A few days ago, I tweeted out a horribly typo-ridden poll that gained quite a number of votes. It should have read, “During your time training as a teacher, were any ideas presented to you as facts that you now believe to be untrue?”
It is hardly scientific. A sample from people who follow me or who follow people likely to retweet my poll is not a representative sample of the teaching workforce. We are constantly being told that the preoccupations of educators on Twitter are not shared by the majority of teachers and I am inclined to agree. Nevertheless, around 500 responses from people who are at least pretending to be teachers agreed that they had essentially been taught falsehoods.
I wonder whether other professions feel this way about their professional training?

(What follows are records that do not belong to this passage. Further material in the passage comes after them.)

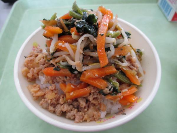 今日の給食は、ひなまつりこんだてです。ごはんにあえものをのせたら、彩りがきれいなちらしずしの完成です。
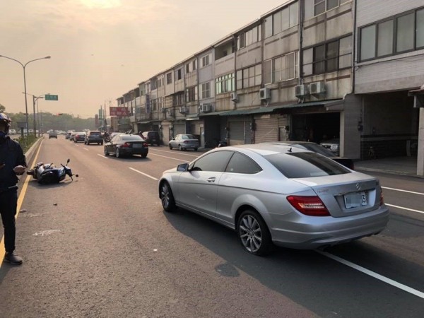 這起車禍造成賓士車左側後方保險桿、車門受損,機車則是外殼破裂。(圖擷取自爆料公
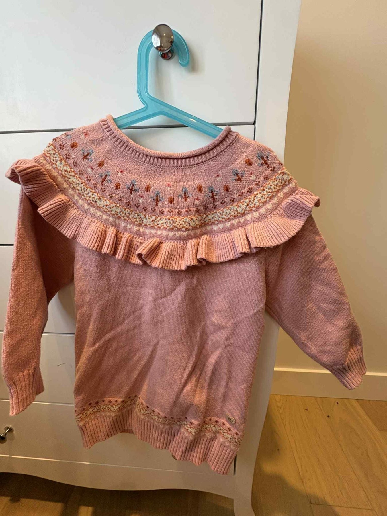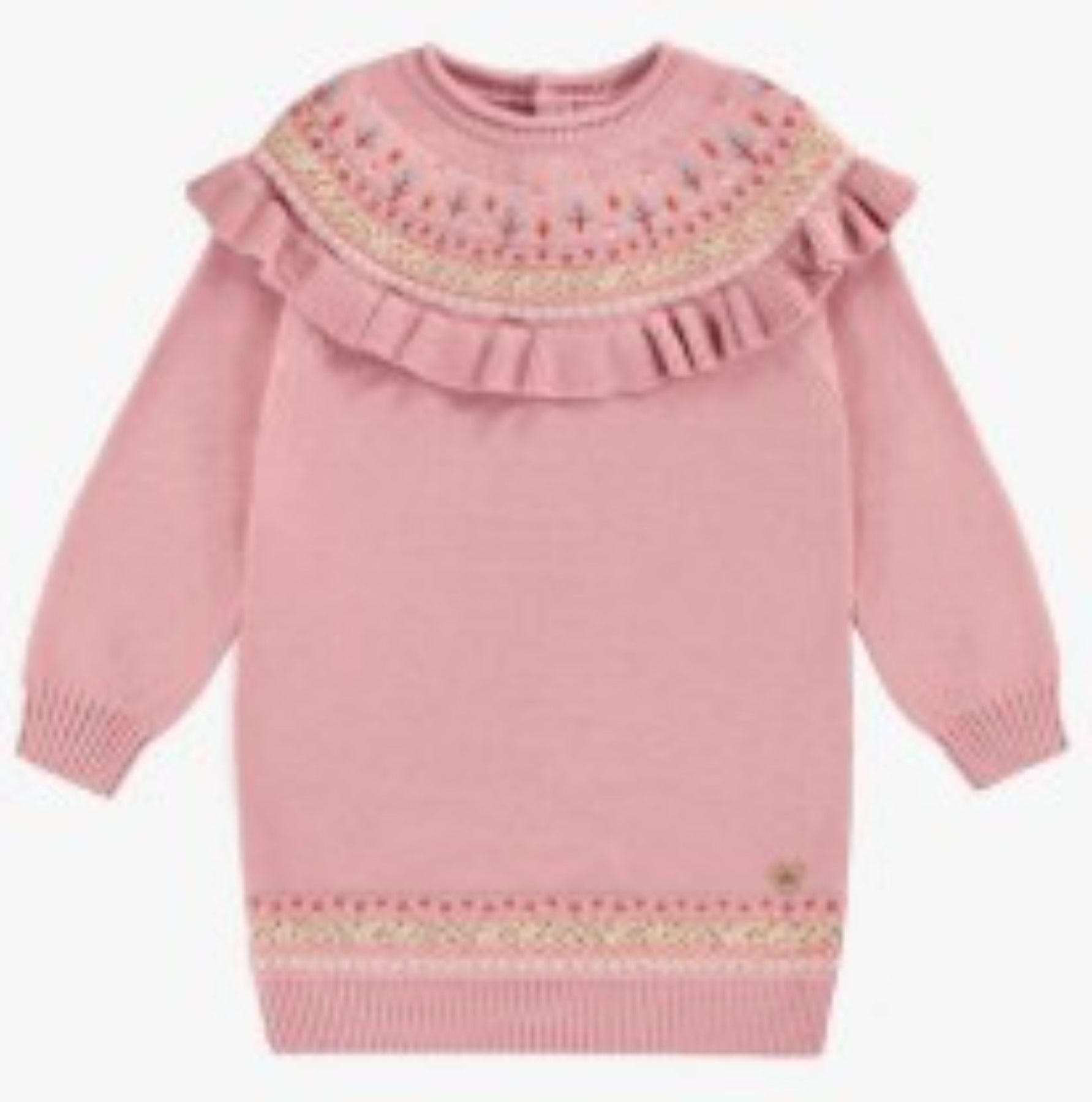 Robe en tricot rose à manches longues avec motif jacquard fleuri
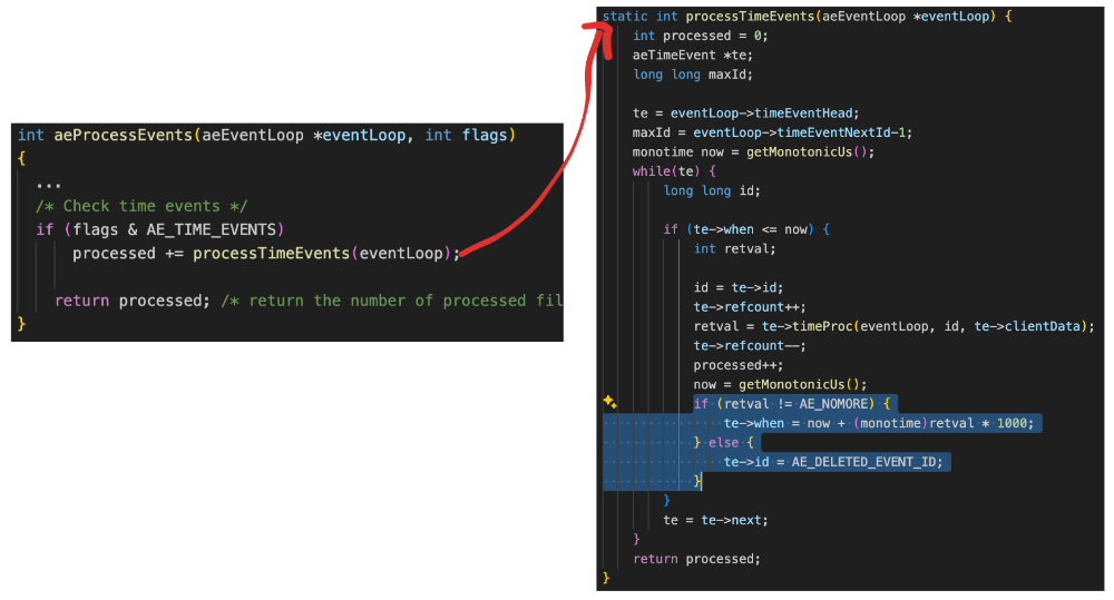 if (aeCreateTimeEvent(server.el, 1, serverCron, NULL, NULL) == AE_ERR) { serverPanic("Can't create event loop timers."); exit(1); } // eventLoop에 Time Event head세팅! 실행하는 함수는 serverCron long long aeCreateTimeEvent(aeEventLoop *eventLoop, long long milliseconds, aeTimeProc *proc, void *clientData, aeEventFinalizerProc *finalizerProc) { long long id = eventLoop->timeEventNextId++; aeTimeEvent *te; te = zmalloc(sizeof(*te)); if (te == NULL) return AE_ERR; te->id = id; te->when = getMonotonicUs() + milliseconds * 1000; te->timeProc = proc; te->finalizerProc = finalizerProc; te->clientData = clientData; te->prev = NULL; te->next = eventLoop->timeEventHead; te->refcount = 0; if (te->next) te->next->prev = te; eventLoop->timeEventHead = te; return id; }aeProcessEvents 마지막 즈음에 Time Event 실행하는 함수가 있다.

The quality of teacher education is a difficult issue to grasp because it is hard to research the totality of teacher education courses. If I point out, for instance, that a particular university was teaching learning styles in its teacher education courses, at least until very recently, a critic may reasonably suggest that this is a rare exception. We cannot know whether this is typical without wider research and yet it would be hard to collect, digest and synthesise the curriculum materials of lots of different education courses.
A more systematic way to evaluate the quality of teacher education courses is to survey the knowledge of trainee teachers. We should be able to infer something about the quality of education courses from what new teachers know.
I was reminded of a recent article by Jennifer Stephenson of Macquarie University who sought to review papers published on the knowledge of Australian preservice teachers. Stephenson obtained data from 52 peer-reviewed articles and it makes for depressing reading. The 52 studies identified a number of holes in content knowledge and knowledge of teaching. However, we should avoid drawing firm conclusions because the studies were often limited in scope and in some cases it was not clear that the sample of preservice teachers was representative.
This is an area that clearly needs more rigorous research.